▸ **Recorded data**:
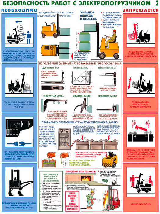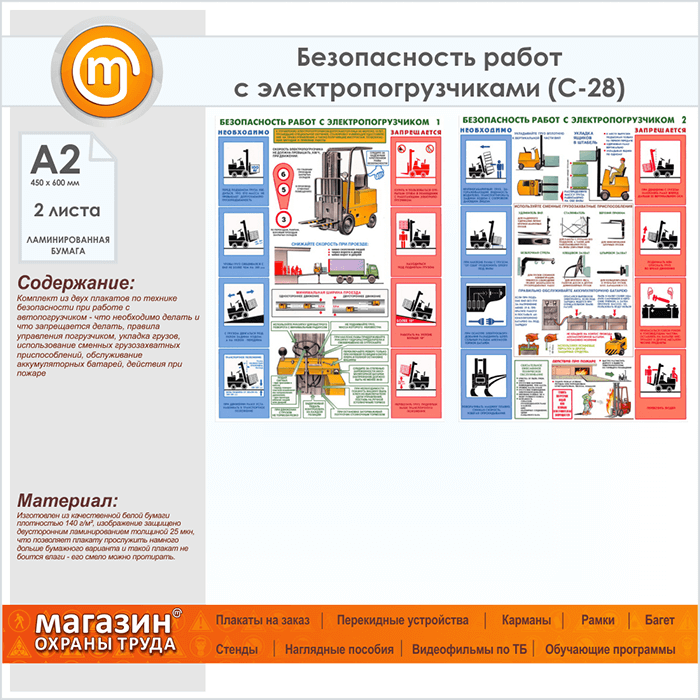 Плакаты «Безопасность работ с электропогрузчиками» (С-28, ламинированная бумага, А2, 2 листа) в Альметьевске купить
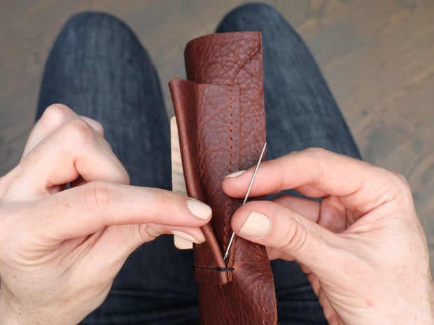 Hand Stitching Leather With An Awl And Two Needles Youtube
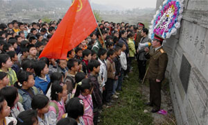 4月5日,在貴州省遵義縣南白鎮后壩紅軍烈士墓,遵義縣人武部政委朱松山(右)正在給后壩長征希望學校的學生講述紅軍長征的故事! ⌒氯A社記者
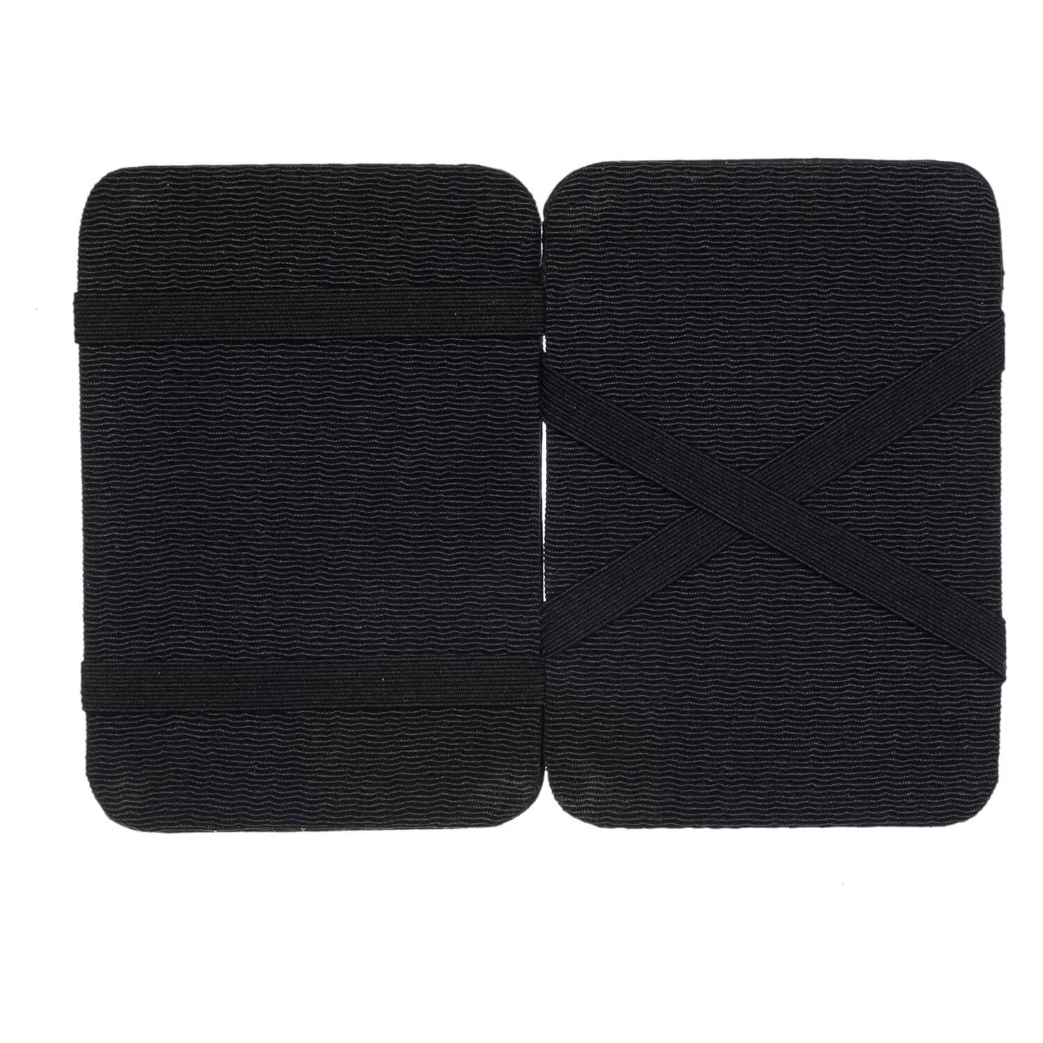 Carteira de dinheiro em couro com elástico interno para prender as notas a cada virada da carteira.

▸ **Work required**:
All of the data is to be reproduced exactly, with the pictures left out.

▸ **Task answer**:
 Плакаты «Безопасность работ с электропогрузчиками» (С-28, ламинированная бумага, А2, 2 листа) в Альметьевске купить
 Hand Stitching Leather With An Awl And Two Needles Youtube
 4月5日,在貴州省遵義縣南白鎮后壩紅軍烈士墓,遵義縣人武部政委朱松山(右)正在給后壩長征希望學校的學生講述紅軍長征的故事! ⌒氯A社記者
 Carteira de dinheiro em couro com elástico interno para prender as notas a cada virada da carteira.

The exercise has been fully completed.